For deeper observability — watcher status, checkpoint values, and per-snapshot file counts — see the Observability page.
Pausing Ingestion
To pause scheduled ingestion from Data Portal:
- Open the table in the Tables view.
- Click Pause Ingestion.
This sets
"enabled": "false" on the IcebergIngestionTask. Any run currently in progress completes normally. Existing segments and the last checkpoint are preserved — when you re-enable, ingestion resumes from where it left off.
Frequently Asked Questions
The Validate step fails — what should I check?
- Confirm the access key has
glue:GetTable, glue:GetDatabase, and s3:GetObject permissions (or equivalent for S3 Tables).
- Verify the region matches where your Glue database or S3 bucket lives.
- For Glue REST, ensure the warehouse value is your numeric AWS account ID, not an account alias.
Can I onboard multiple tables from the same catalog?
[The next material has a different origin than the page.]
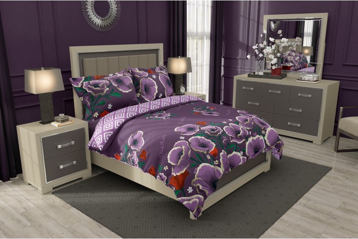 Breng de iconische kunst van Frida Kahlo tot leven met dit stijlvolle dekbedovertrek. Rijkelijk versierd met rode en lila bloemen op een paarse achtergrond, geïnspireerd op de bloemen die vaak te zien is in de kunst van Frida Kahlo en welke symbool staan voor zowel kracht als schoonheid. Dit katoenen 1-persoons dekbedovertrek heeft een dubbelzijdige bedrukking en wordt compleet gemaakt door het extra grote kussensloop. Ben je op zoek naar een origineel cadeau voor een fan van Frida Kahlo of een kunstliefhebber? Dan heb je met dit fantastische dekbedovertrek een gegarandeerde hit!

Yes. After creating the first table, start the wizard again and reuse the same connection credentials. Each table is registered as an independent Pinot table with its own ingestion schedule.
The table was created but ingestion hasn’t started — what should I check?
Data Portal triggers the first ingestion run automatically after table creation. If ingestion hasn’t started, check the table’s detail page for an error status and review the error message. You can also trigger a run manually via the trigger API.